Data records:
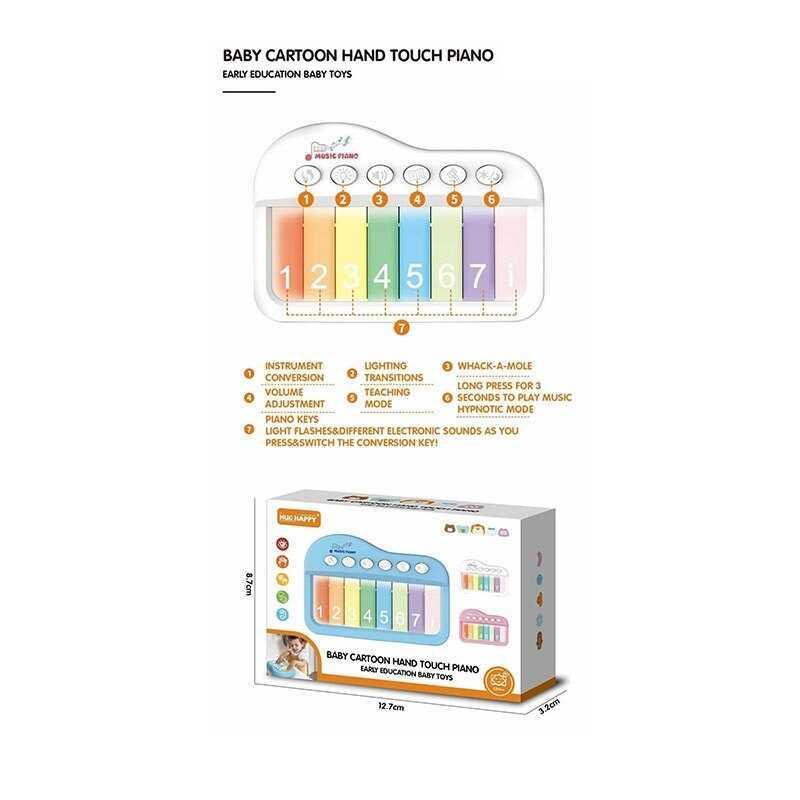 Интерактивное детское пианино для развития музыкальных навыков Компактное пианино YK 7018 C станет отличным подарком для ребенка, сочетая музыкальные мелодии, обучающие функции и игру на скорость реакции. Благодаря подсветке клавиш и нескольким режимам работы, ребенок сможет весело проводить время, развивая слух и координацию. - Размер: 12.5х3х8.5 см - Подсветка клавиш для привлечения внимания - Несколько игровых режимов, включая режим обучения - Долгое нажатие активирует режим успокаивающей музыки - 8 клавиш для исполнения простых мелодий - Игра на скорость реакции для развития внимания - Регулировка громкости для комфортного звука - Работает от 3 батареек AAA (не входят в комплект) - Изготовлено из прочного пластика
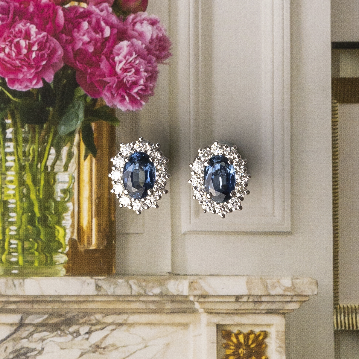 Almudena’ earrings in white gold with sapphires and diamond bezel set. A timeless and elegant design that enhances any look.
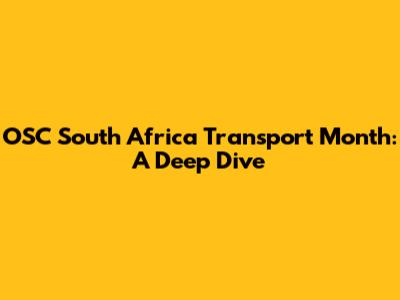OSC South Africa Transport Month: A Deep Dive
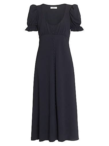 Платье в стиле А-силуэта с изящными пуговицами спереди и талией в стиле Джульетты. Крой с короткими расклешенными рукавами придаёт образу романтичность и легкость, а добавление шелка добавляет нотку роскоши.
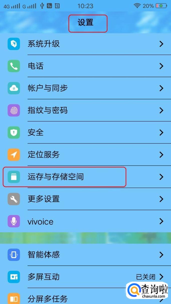 此时,我们打开手机设置,点击“运存与存储空间”。

— Work instruction —
Leave the pictures out, and retype exactly the lines from the one containing "Almudena’ earrings in" through the last line of the entries above, both included.

— The answer —
 Almudena’ earrings in white gold with sapphires and diamond bezel set. A timeless and elegant design that enhances any look.
OSC South Africa Transport Month: A Deep Dive
 Платье в стиле А-силуэта с изящными пуговицами спереди и талией в стиле Джульетты. Крой с короткими расклешенными рукавами придаёт образу романтичность и легкость, а добавление шелка добавляет нотку роскоши.
 此时,我们打开手机设置,点击“运存与存储空间”。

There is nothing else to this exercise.